Let $\mathbf{t}\in\mathcal{T}$ and assume that there exists basis vectors $(\mathbf{u_{1}}(\mathbf{t}),\mathbf{u_{2}}(\mathbf{t}))\in\mathbb{S}$ such that $H_{\mathbf{u_{1}}}(\mathbf{t})<H_{\mathbf{u_{2}}}(\mathbf{t})$ . Moreover, suppose that the functions $L_{\mathbf{u_{1}}}$ and $L_{\mathbf{u_{2}}}$ are continuously differentiable. For any $\mathbf{v}\in\mathbb{S}$ , we have the following dichotomous relationship:

•

If $\mathbf{v}\neq\pm\mathbf{u_{2}}$ , then $H_{\mathbf{v}}(\mathbf{t})=H_{\mathbf{u_{1}}}(\mathbf{t})$ .
•

Otherwise, we have $H_{\mathbf{v}}(\mathbf{t})=H_{\mathbf{u_{2}}}(\mathbf{t})$ .

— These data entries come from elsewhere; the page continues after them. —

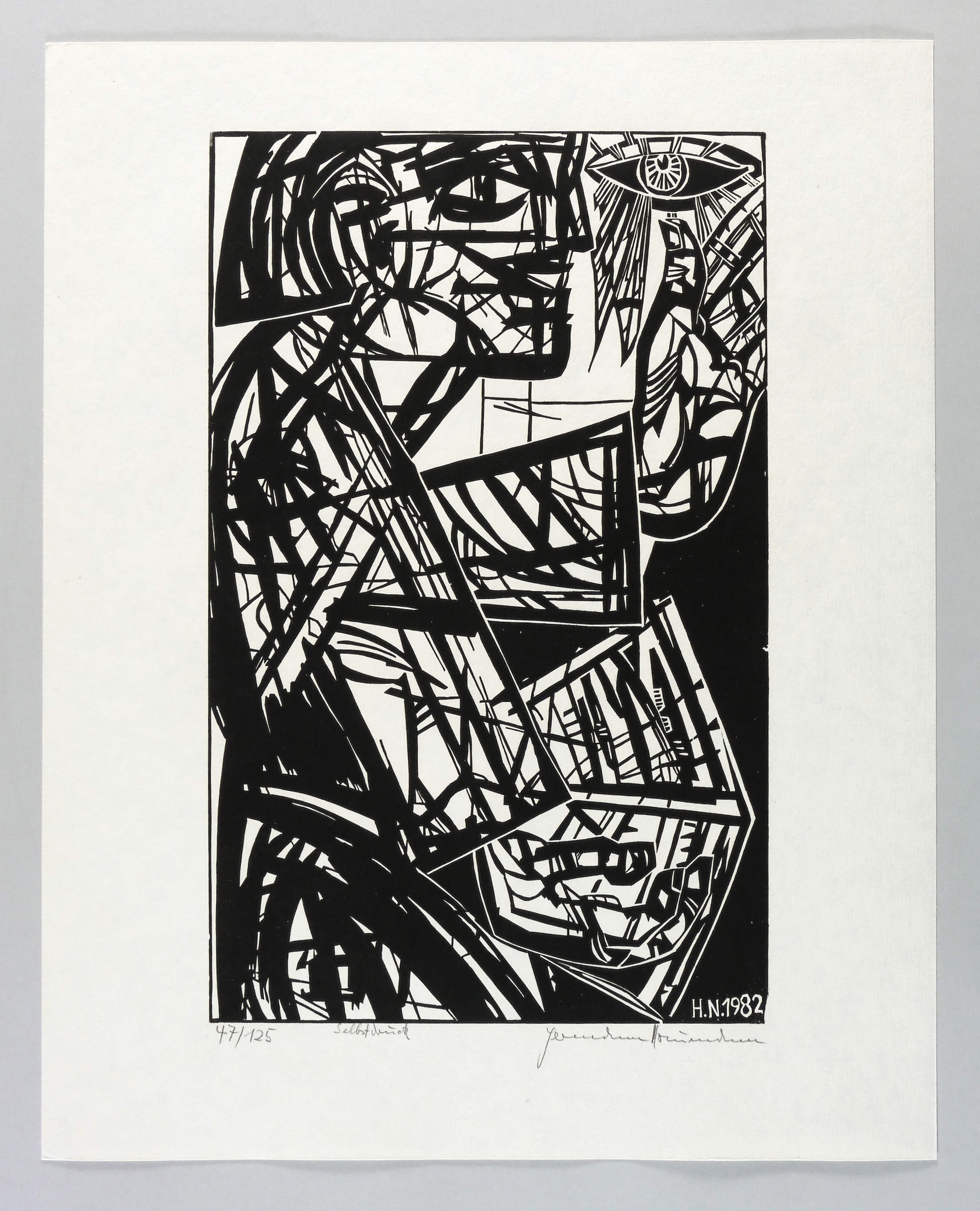 1982. Holzschnitt, in Schwarz, auf wolkigem rauem Büttenpapier. – Originale Künstlergrafik, von Hermann Naumann. – Auflage Exemplar Nr. 47/125. – 40,0 x 25,0 cm (Darstellung / Druckstock), 50 x 40 cm (Blatt).
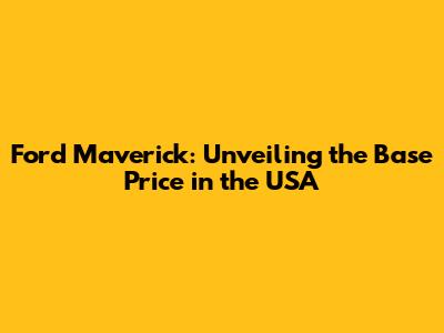 Ford Maverick: Unveiling The Base Price In The USA
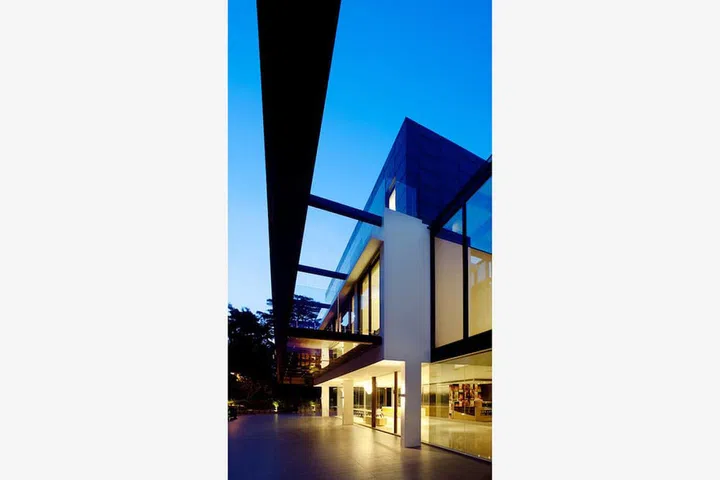 As a result, the ground level living space comprises a 26m long and 6m wide column free space with 3-sided full height glass panels exposing the user within.
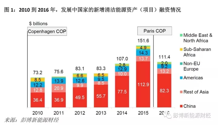 “這些數(shù)字反映了在解決氣候變化問題和支持清潔能源發(fā)展方面,各國的承諾和實(shí)際行動(dòng)之間仍存在差距。”彭博新能源財(cái)經(jīng)的分析師Ethan Zindler表示,“對(duì)比8年前通過的哥本哈根協(xié)議,富裕國家的投資增速低于預(yù)期。同時(shí)許多欠發(fā)達(dá)國家也并未制定相關(guān)減排政策架構(gòu),不利于提高投資者的信心、吸引清潔能源投資。”
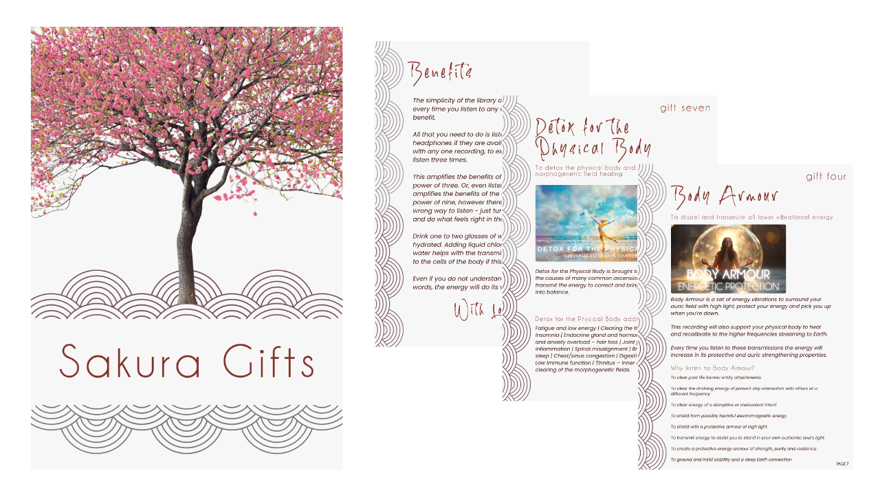 Each one of these ten Sakura gifts have been hand-picked from my online Ascension Library, and will help you to transform and renew your life, to enter into a new chapter of heightened physical and emotional wellbeing, peace, love and joy. They are energy gifts from Spirit for a new beginning.

The proof of Lemma 1 is provided in the Supplementary Material. It states that the map $\mathbf{v}\mapsto H_{\mathbf{v}}$ can take at most two possible values. This is in alignment with the results in Davies and Hall, (1999), who studied anisotropy from the lens of the fractal dimension of surfaces, and showed that “the fractal dimension of line transects across a surface must either be constant in every direction or be constant in each direction except one".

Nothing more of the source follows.